Mapping By Sequencing and RNA-Seq in Upland Cotton (Gossypium hirsutum) Line MD52ne Identifies Candidate Genes for Fiber Strength and Quality

Fiber strength, length, maturity and fineness determine the market value of cotton and the quality of spun yarn. Cotton fiber strength has been recognized as a critical quality in the modern textile industry. Fine mapping along with quantitative trait loci (QTL) validation and candidate gene prediction can uncover the genetic and molecular basis of fiber quality traits. Four QTLs (qBFS-c3, qSFI-c14, qUHML-c14 and qUHML-c24) related to bundle fiber strength, short fiber index and fiber length were validated on upland cotton Chrs. 3, 14 and 24, respectively using an advanced generation (F_2:3) that originated from the cross MD90ne × MD52ne. A group of 27 novel single nucleotide polymorphic (SNP) markers generated from Mapping-by-Sequencing (MBS) were placed on QTL regions to improve and validate earlier maps. Our refined QTL regions spanned 4.4, 1.8 and 3.7 Mb of physical distance in the Gossypium raimondii reference genome.
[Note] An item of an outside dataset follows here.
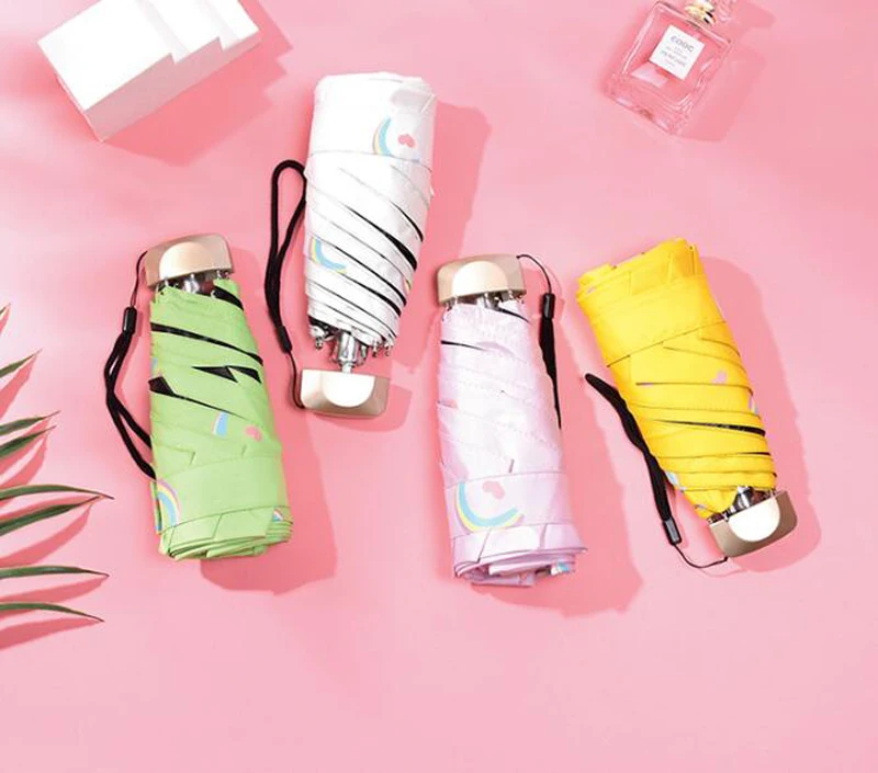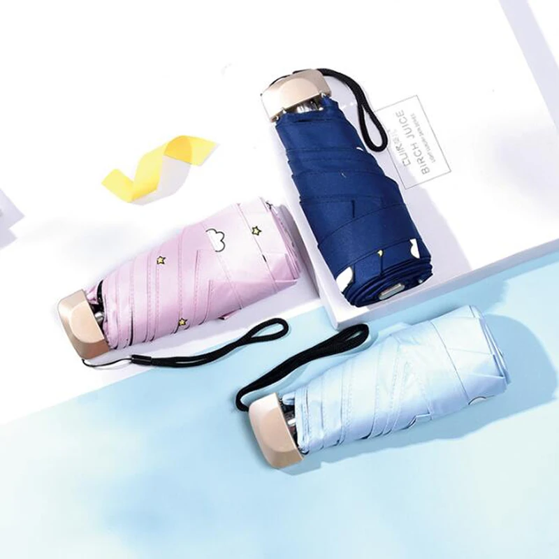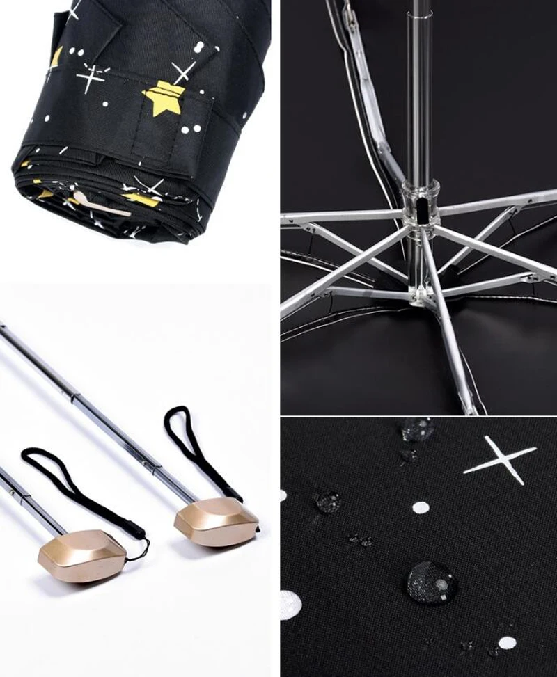 Креативный мини карманный зонтик, 5 сложенных солнцезащитных зонтов для женщин, Звездный светильник, весовой зонт, легко хранить Карманный анти-УФ зонтик

We performed RNA-seq on 15 and 20 days post-anthesis (DPA) fiber cells from MD52ne and MD90ne and aligned reads to the G. raimondii genome. The QTL regions contained 21 significantly differentially expressed genes between the two near isogenic lines (NILs) which were treated as candidates for the fiber traits. We then identified mapped SNPs that result in non-synonymous substitutions to amino acid sequences of annotated genes. Taken together, transcriptome and amino acid mutation analysis indicate that receptor like kinase pathway genes are candidates for superior fiber strength and length in MD52ne. MBS along with RNA-seq demonstrated a powerful strategy to elucidate candidate genes for the QTLs that control complex traits in a complex genome.